The global stock market fell sharply during the first week of August 2024 – this impacted the cryptocurrency market, with the values of top currencies like Bitcoin and Ethereum plummeting as investors hurried to sell assets.
However, this is not the first decline to hit cryptocurrencies this year.
In May 2024, the market experienced a sharp drop in value from $2.51tn (£1.97tn) to $1.95trn (£1.53tn), which created a “ripple effect” for insurtechs that rely on the stability of cryptocurrency, according to Lynda Clarke, chief operating officer at fintech Tribe Payments.
For Clarke, the two markets are interconnected, so any turbulence in the cryptocurrency arena could be “particularly challenging for insurtechs as it tightens capital availability and increases investor scrutiny”.
She told Insurance Times: “The downturn in the crypto markets signals a period of heightened caution and strategic reassessment.
”This could impact [firms’] ability to fund new tech [propositions] and scale operations, especially for those heavily reliant on cryptocurrency or blockchain technologies.”
She added that when budgets or investments are tightened, one of the first business areas to be impacted is often research and development or “innovation” because this does ”not provide an immediate return”.
But what exactly is the impact on insurtech?
Trough of disillusionment
One field that insurtech has been keenly investing in is artificial intelligence (AI) – this could therefore be a key area of innovation impacted by tech stocks declining and investment capital shrinking.
Emily Taylor, chief executive at Oxford Information Labs, noted that the “AI bubble could be bursting” in line with cryptocurrency’s crash.
Referring to the Gartner hype cycle methodology, Taylor explained: “We’ve passed the peak of inflated expectations and are heading towards the trough of disillusionment.”
The Gartner hype cycle is a framework used to assess the maturity and potential of emerging technologies.
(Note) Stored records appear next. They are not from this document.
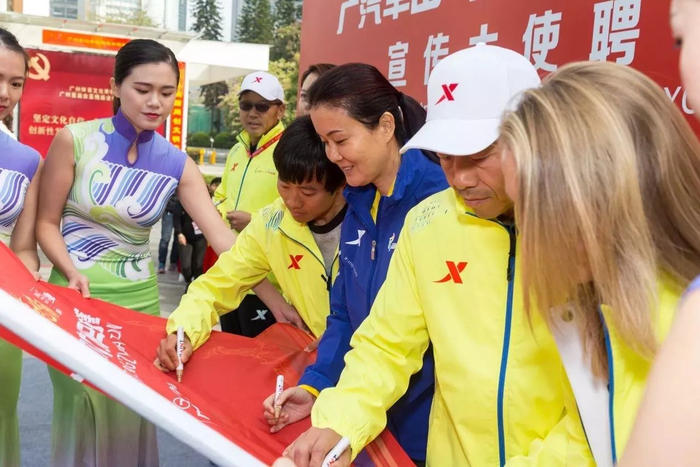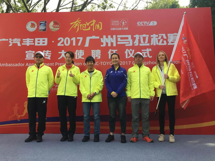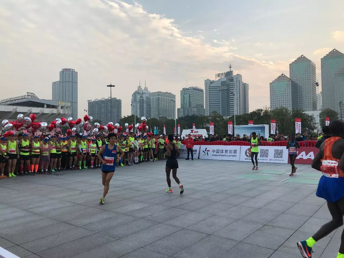 广州马拉松,我是作为宣传大使参赛的,所以和特邀选手一起站到了队伍最前面。发枪之后,我就跟着女子第一集团一起跑了。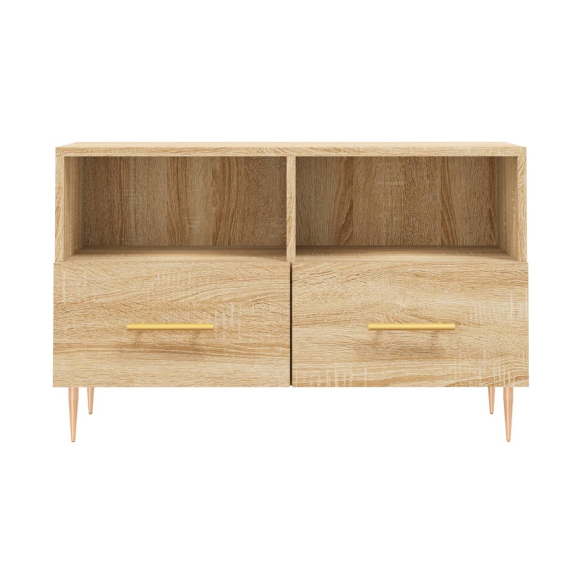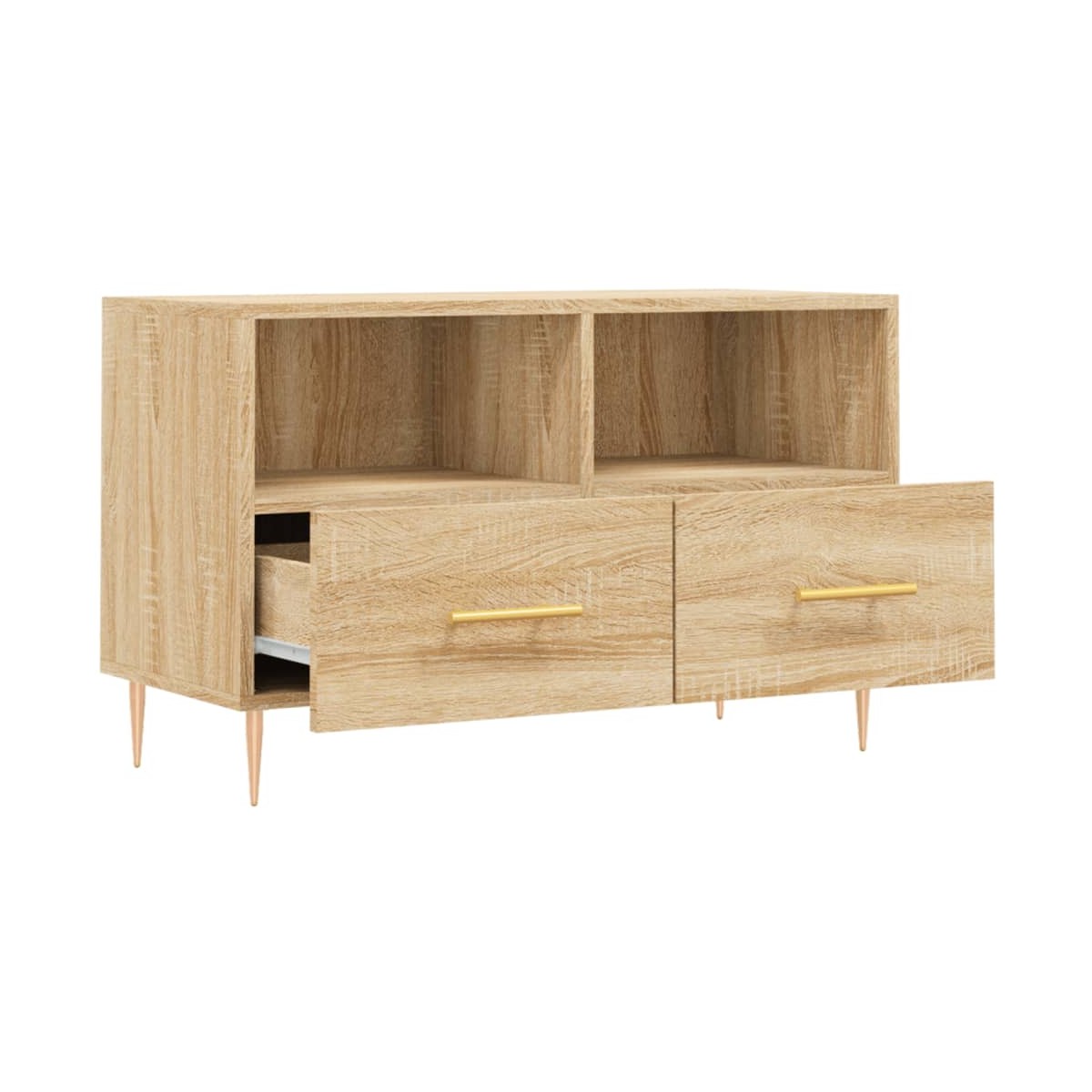 Este robusto mueble para TV está diseñado para ser el centro de atención de tu estancia, gracias a su diseño moderno a la par que práctico. Material robusto: La madera contrachapada tiene una calidad excepcional, con una superficie lisa y también cuenta con fuerza, estabilidad y resistencia a la humedad. Hecha de madera contrachapada, el mueble de TV es fácil de limpiar.Amplio almacenaje: El mueble de TV tiene 2 compartimentos y 2 cajones que lo convierten en un lugar ideal para guardar todas las revistas, DVD y otros objetos.Función expositora: La resistente superficie del mueble es ideal para exhibir objetos decorativos como marcos de fotos y plantas.Patas de hierro: Las patas de hierro dan un estilo tranquilo a la casa, además de garantizar la estabilidad de la mesa. Advertencia:Para evitar el vuelco, este producto debe usarse con el dispositivo provisto para fijarlo a la pared.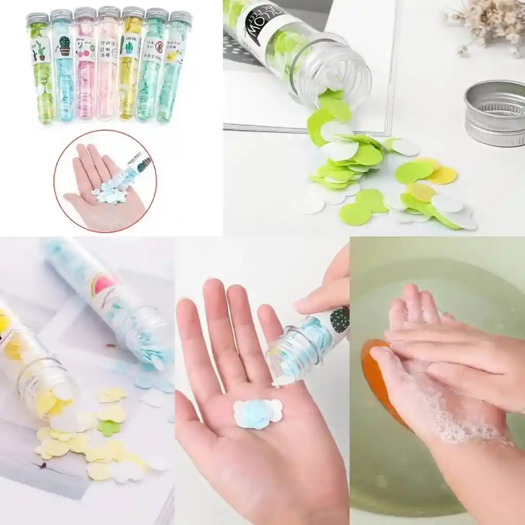 Pétalos de Jabón Surtidos en práctica presentación tipo tubo, ideales para llevar en el bolso, mochila o equipaje de viaje. Cada frasco contiene láminas de jabón en forma de pétalos que se disuelven fácilmente con agua, generando espuma suave y efectiva para una limpieza rápida de manos en cualquier lugar. Compactos, ligeros e higiénicos, son perfectos para oficina, colegio, camping, restaurantes o uso diario fuera de casa. Disponibles en colores y fragancias surtidas, combinan practicidad y diseño, convirtiéndose también en un detalle útil y original para regalar.

It includes five phases – technology trigger, peak of inflated expectations, trough of disillusionment, slope of enlightenment and plateau of productivity.
The trough of disillusionment is when interest in the technology being tested wanes as experiments fail to deliver. Therefore, investment in the technology only continues if providers are able to improve associated products to satisfy early adopters.
Ed Halsey, vice-president of marketing at Genasys, agreed that “AI is now headed towards the trough of disillusionment”.
He explained: “Many have tried to force AI strategies within their businesses, leading to speculative use cases that have failed to deliver. Instead, [firms] should consider AI as part of their ongoing tool kit – priorities for businesses should not suddenly change [because] of AI.
“Many have been guilty of trying to find problems to point at AI solutions – this is back to front and inevitably leads to poor returns. In turn, that leads people to declare that AI isn’t all it is hyped up to be when the reality is [that companies] have tried to force its usage in the wrong areas.”
Despite strategic confusion around AI’s usage, Halsey believes that “AI will continue to gather pace and, [in] the medium term, it’ll undoubtedly change the world – both in people’s business and personal lives”.
He continued: “While the short-term outlook may see a period of doubt and disillusionment, long-term adoption feels inevitable at this point”.
Taylor agreed, calling AI ”a game-changing technology”.
Nigel Green, chief executive at DeVere Group, added that “companies deeply invested in AI have seen their stock values soar to unprecedented heights”, indicating that there is still appetite and interest in AI, a technology which he described as introducing ”profound and lasting changes” to businesses.
Green continued: “This explosive growth has led to concerns that the market is inflating beyond sustainable levels, reminiscent of the dot-com bubble of the late 1990s.”
Peaks and troughs
Musing on the trajectory of cryptocurrency stock, Halsey said: “With high risk, comes high rewards and many [in the market] are still hopeful of a 2024 bull run, with [cryptocurrency] analysts projecting a peak towards the end of this year.
”Of course, the returns that can be made are rapid and vast and there is far more flexibility to get in and out of [cryptocurrency] investments quickly [versus] investing into businesses.
”The fear and greed index currently sits at a midpoint – and we’ve seen most stable coins are down 10% to 30% on the 90-day charts.”
Clarke added that this is not the first time the crypto stock market has crashed and that she expected further fluctuations in the future – however, “the businesses that set themselves up to deal with these peaks and troughs” will be the ones that survive, she predicted.
Green, meanwhile, said that the crypto stock market price dip presents “opportunities for investors to capitalise on the long-term growth potential of AI, rather than [being viewed] as [a sign] of impending doom”.
Also on a more positive note, J Gdanski, chief executive of Lloyd’s-backed crypto insurance firm Evertas – which insures around 70% of the world’s top Bitcoin miners – said: “Despite short-term volatility, crypto’s historical upside has far outpaced that of any segment of the equities and commodities markets across several market cycles.”
Ultimately, there will be winners and losers arising from the crypto stock market crash – but how insurtech will fare is still up for debate.
- Insurance Times converted dollar amounts to pound sterling at a conversion rate of £1 = $1.28, as at August 2024.